TASK STATEMENT: Each line from the one that holds "Описание: Автор книги" to the end of the entries is to be given again exactly. Do not include pictures.

RECORDS PROVIDED:
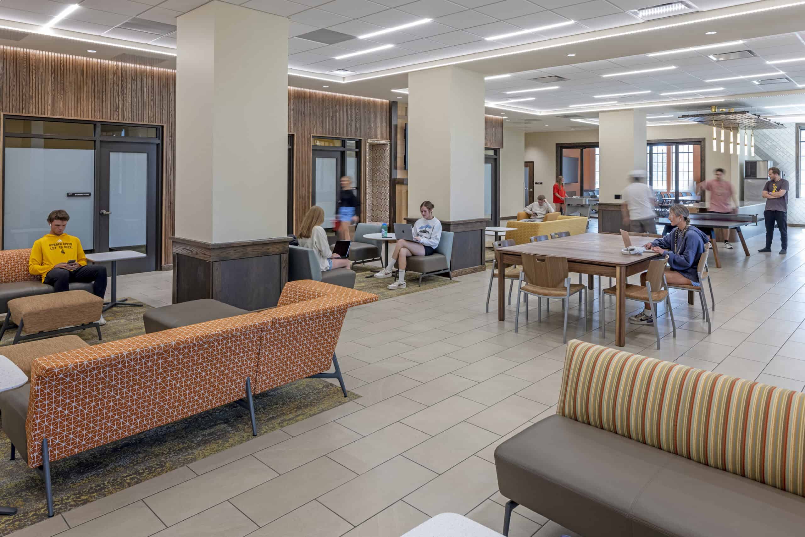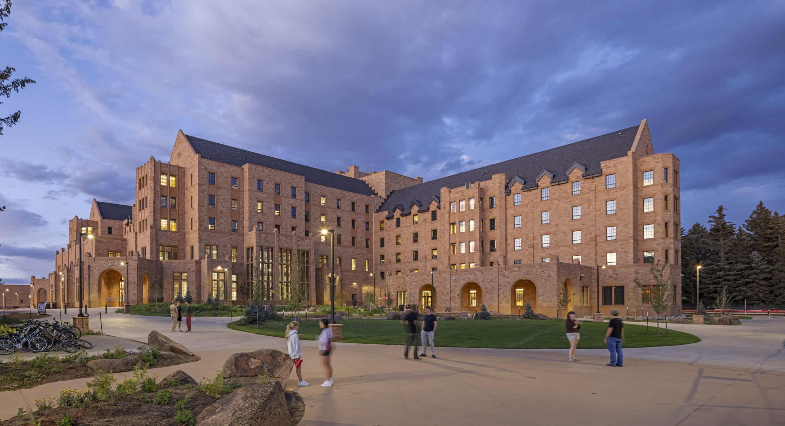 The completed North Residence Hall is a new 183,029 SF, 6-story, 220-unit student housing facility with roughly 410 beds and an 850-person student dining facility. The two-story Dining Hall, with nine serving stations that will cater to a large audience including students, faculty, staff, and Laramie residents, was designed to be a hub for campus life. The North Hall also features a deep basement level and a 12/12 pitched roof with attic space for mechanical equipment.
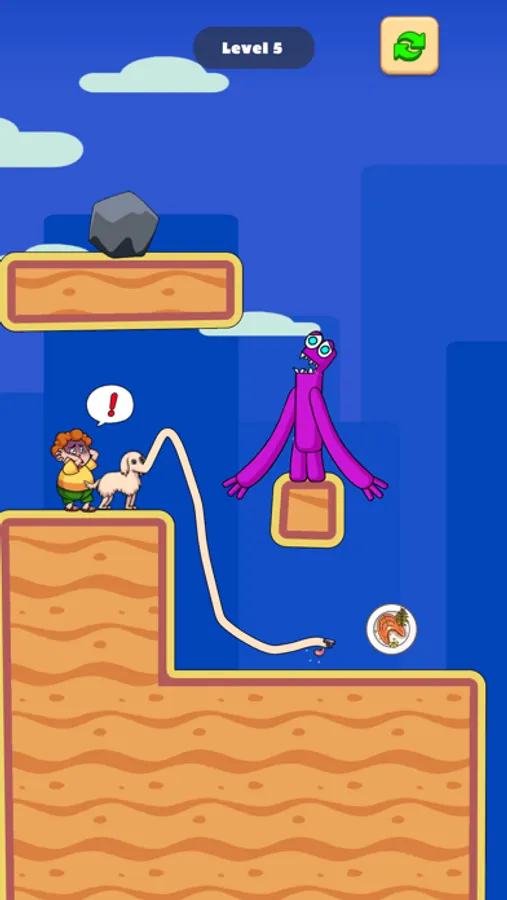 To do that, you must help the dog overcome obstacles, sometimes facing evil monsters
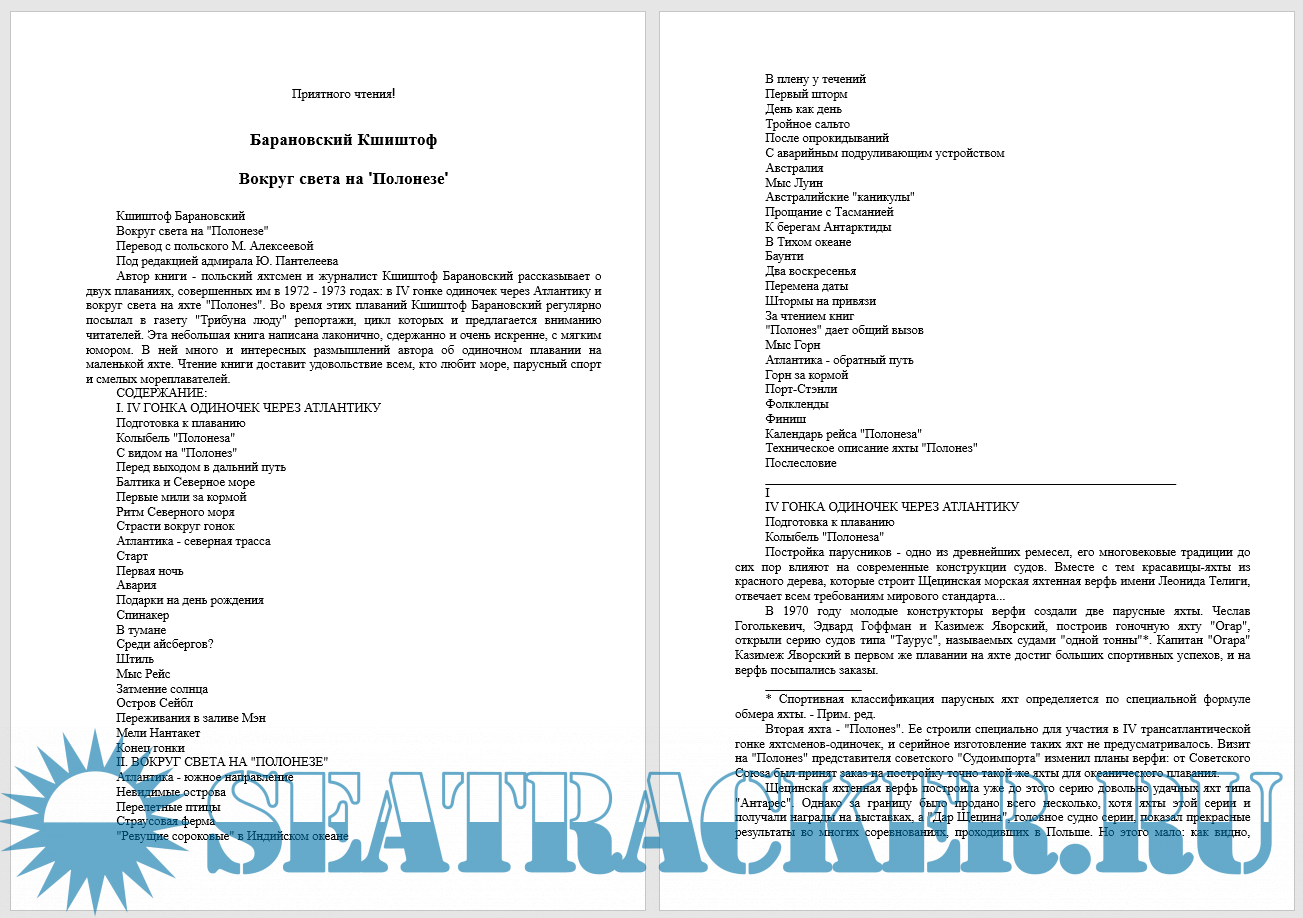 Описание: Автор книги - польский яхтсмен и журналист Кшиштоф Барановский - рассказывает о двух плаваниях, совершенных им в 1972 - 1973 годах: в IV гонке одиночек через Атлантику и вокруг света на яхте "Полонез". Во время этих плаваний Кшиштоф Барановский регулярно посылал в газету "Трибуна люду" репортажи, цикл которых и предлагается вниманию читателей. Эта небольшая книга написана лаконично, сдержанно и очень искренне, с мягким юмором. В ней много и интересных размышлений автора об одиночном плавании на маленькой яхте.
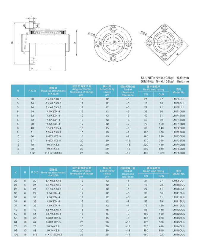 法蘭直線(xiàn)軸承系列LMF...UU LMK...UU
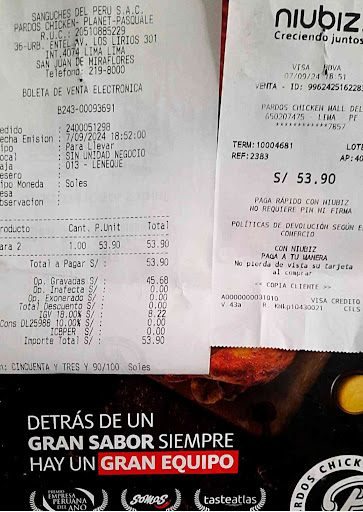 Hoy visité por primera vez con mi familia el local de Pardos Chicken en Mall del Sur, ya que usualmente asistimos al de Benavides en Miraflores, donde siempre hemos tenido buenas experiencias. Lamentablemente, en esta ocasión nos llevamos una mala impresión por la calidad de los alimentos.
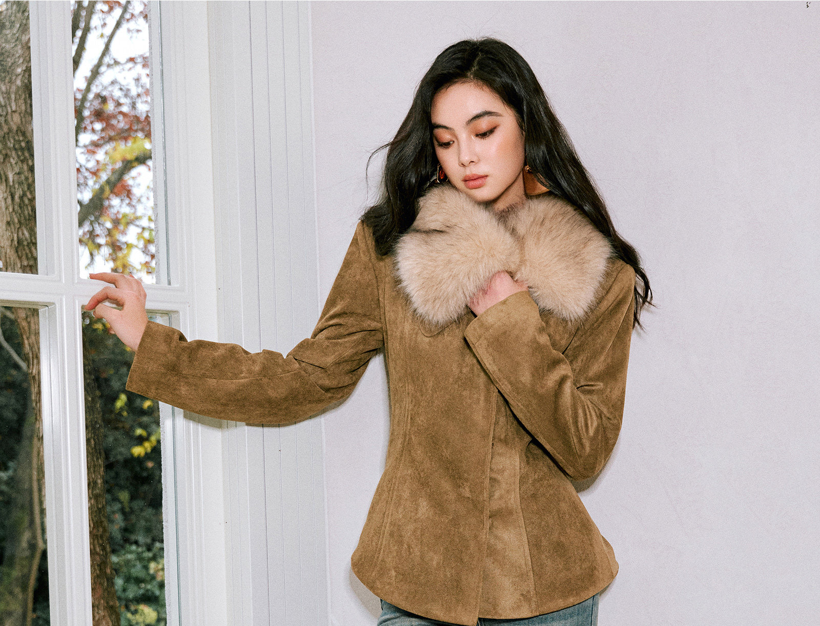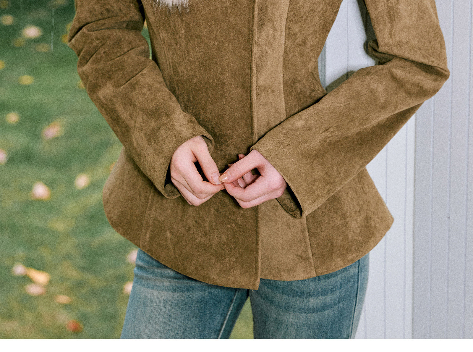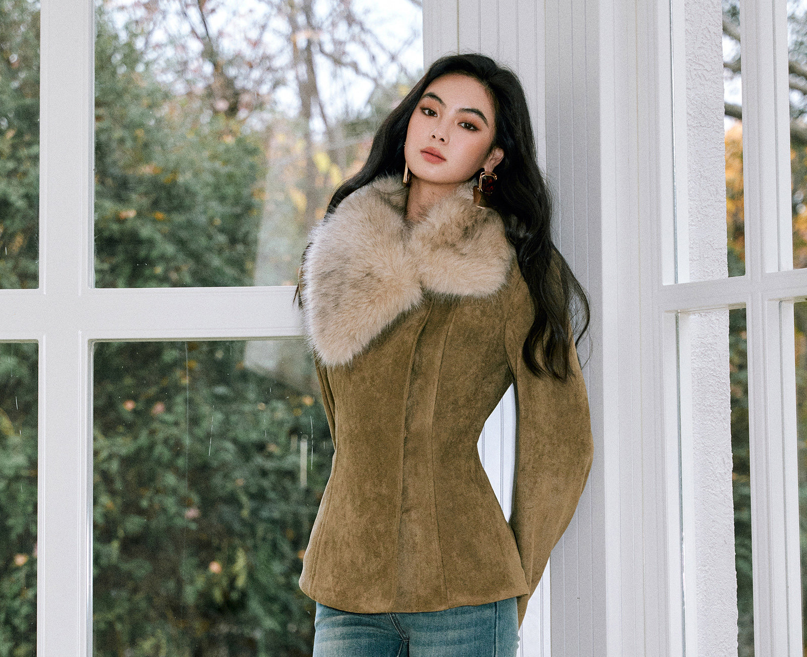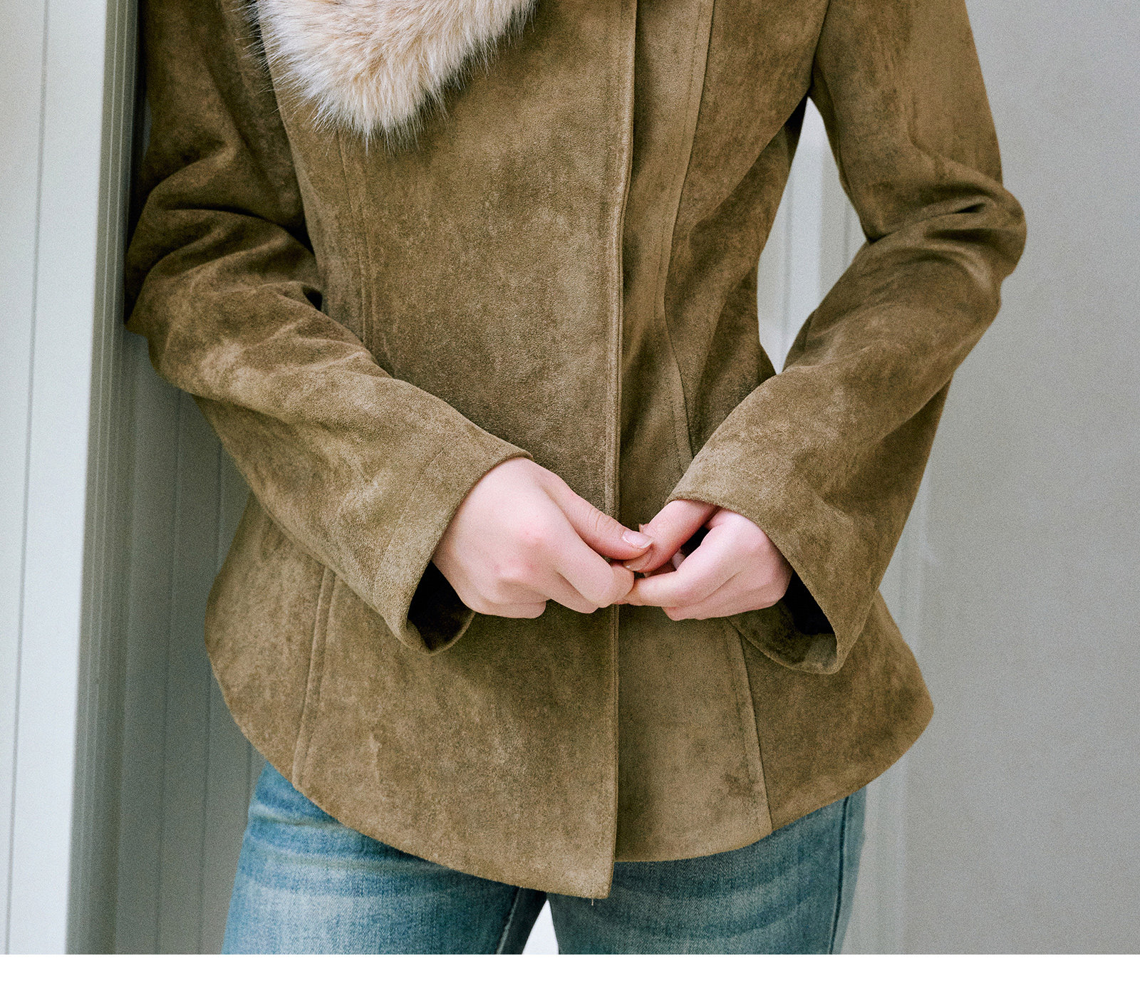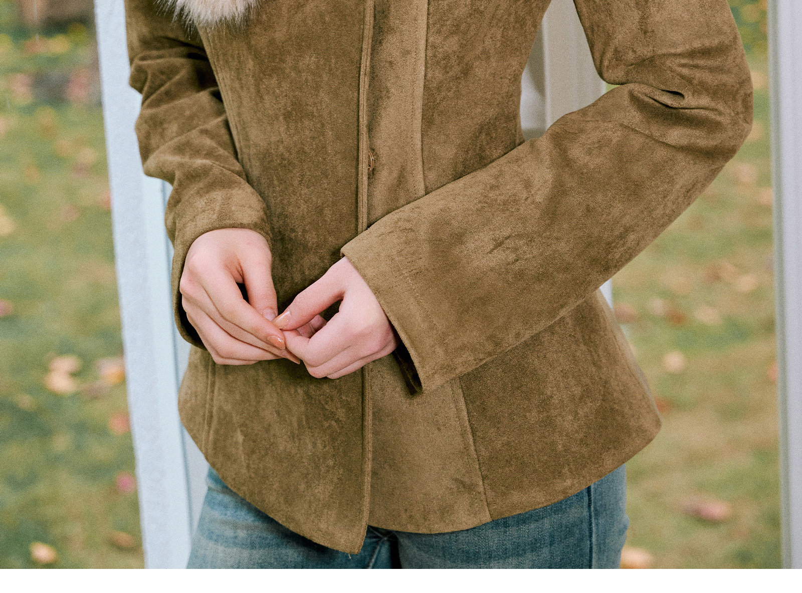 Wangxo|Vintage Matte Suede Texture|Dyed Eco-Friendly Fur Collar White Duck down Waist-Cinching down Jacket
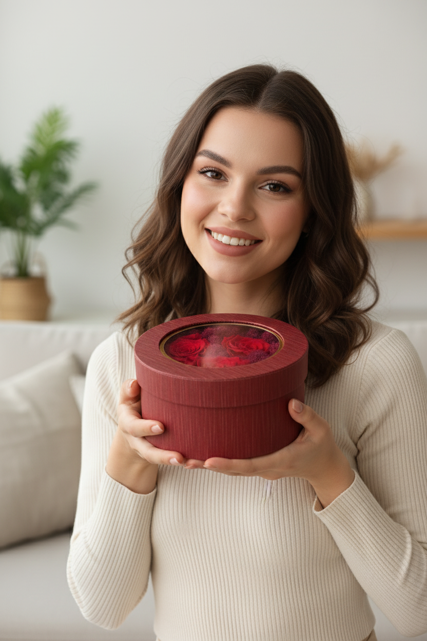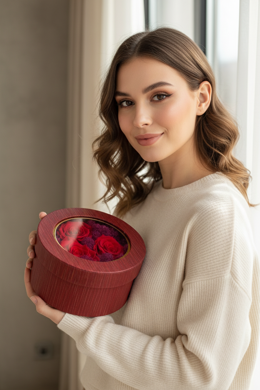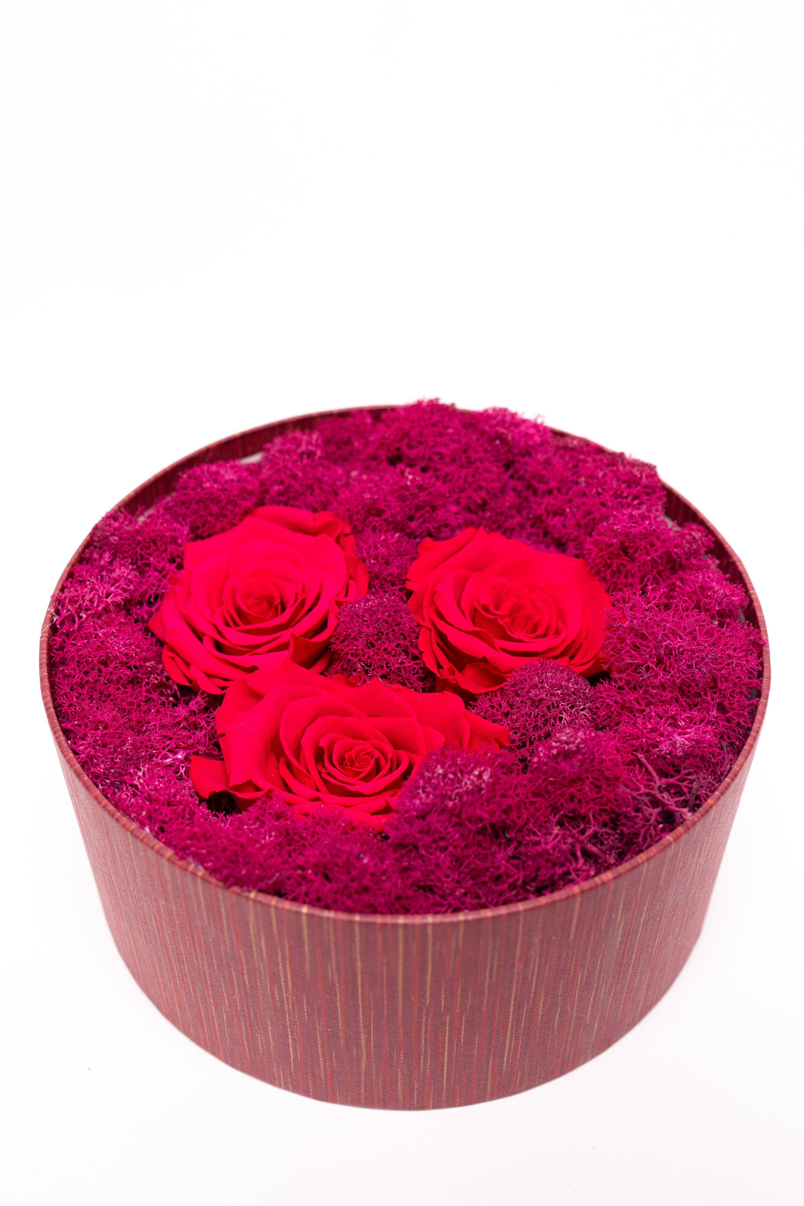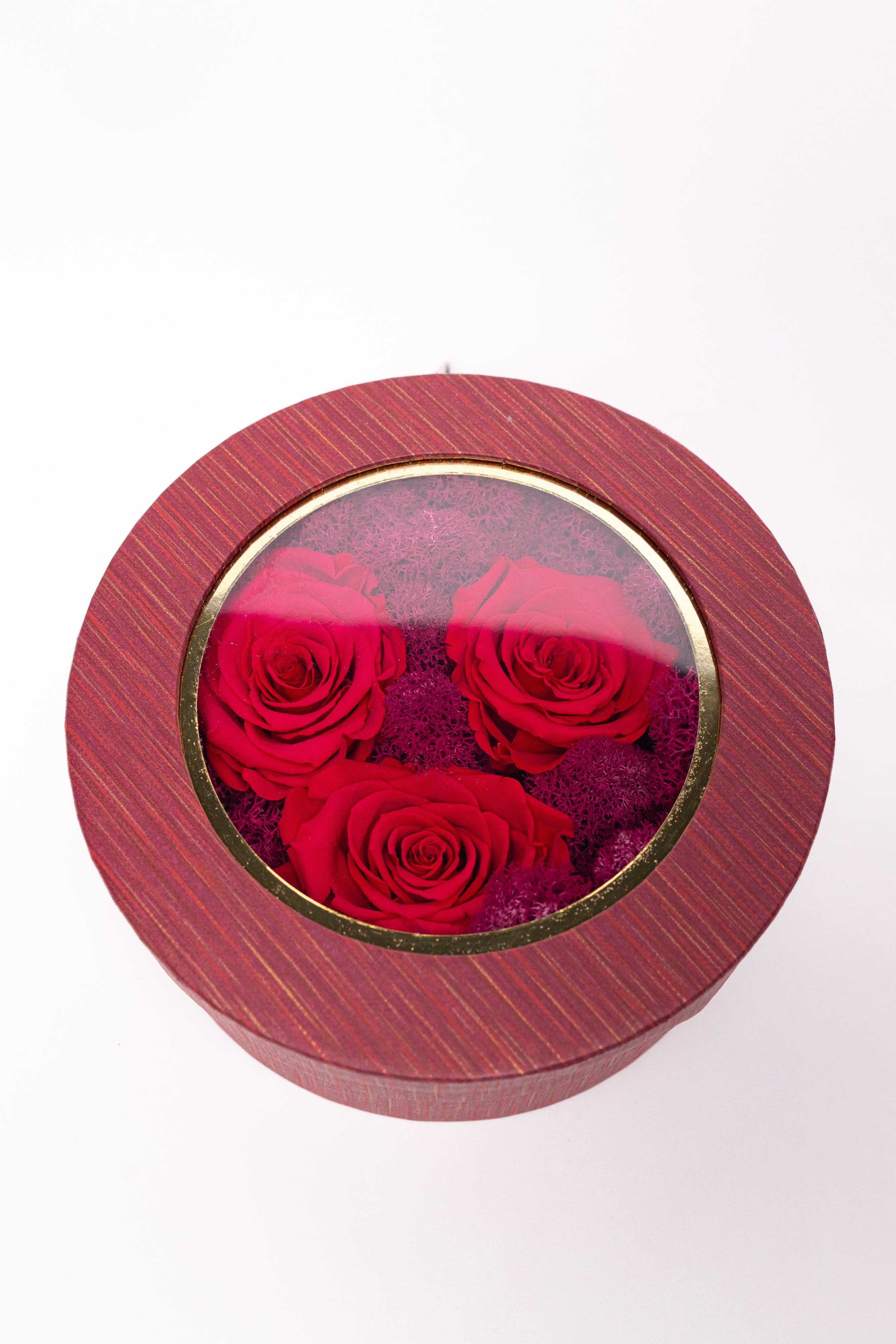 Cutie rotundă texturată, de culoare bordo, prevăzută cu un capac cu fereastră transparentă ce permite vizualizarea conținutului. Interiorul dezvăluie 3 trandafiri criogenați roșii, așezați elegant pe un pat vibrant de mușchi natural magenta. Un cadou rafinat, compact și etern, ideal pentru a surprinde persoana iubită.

SOLVED EXERCISE:
 Описание: Автор книги - польский яхтсмен и журналист Кшиштоф Барановский - рассказывает о двух плаваниях, совершенных им в 1972 - 1973 годах: в IV гонке одиночек через Атлантику и вокруг света на яхте "Полонез". Во время этих плаваний Кшиштоф Барановский регулярно посылал в газету "Трибуна люду" репортажи, цикл которых и предлагается вниманию читателей. Эта небольшая книга написана лаконично, сдержанно и очень искренне, с мягким юмором. В ней много и интересных размышлений автора об одиночном плавании на маленькой яхте.
 法蘭直線(xiàn)軸承系列LMF...UU LMK...UU
 Hoy visité por primera vez con mi familia el local de Pardos Chicken en Mall del Sur, ya que usualmente asistimos al de Benavides en Miraflores, donde siempre hemos tenido buenas experiencias. Lamentablemente, en esta ocasión nos llevamos una mala impresión por la calidad de los alimentos.
 Wangxo|Vintage Matte Suede Texture|Dyed Eco-Friendly Fur Collar White Duck down Waist-Cinching down Jacket
 Cutie rotundă texturată, de culoare bordo, prevăzută cu un capac cu fereastră transparentă ce permite vizualizarea conținutului. Interiorul dezvăluie 3 trandafiri criogenați roșii, așezați elegant pe un pat vibrant de mușchi natural magenta. Un cadou rafinat, compact și etern, ideal pentru a surprinde persoana iubită.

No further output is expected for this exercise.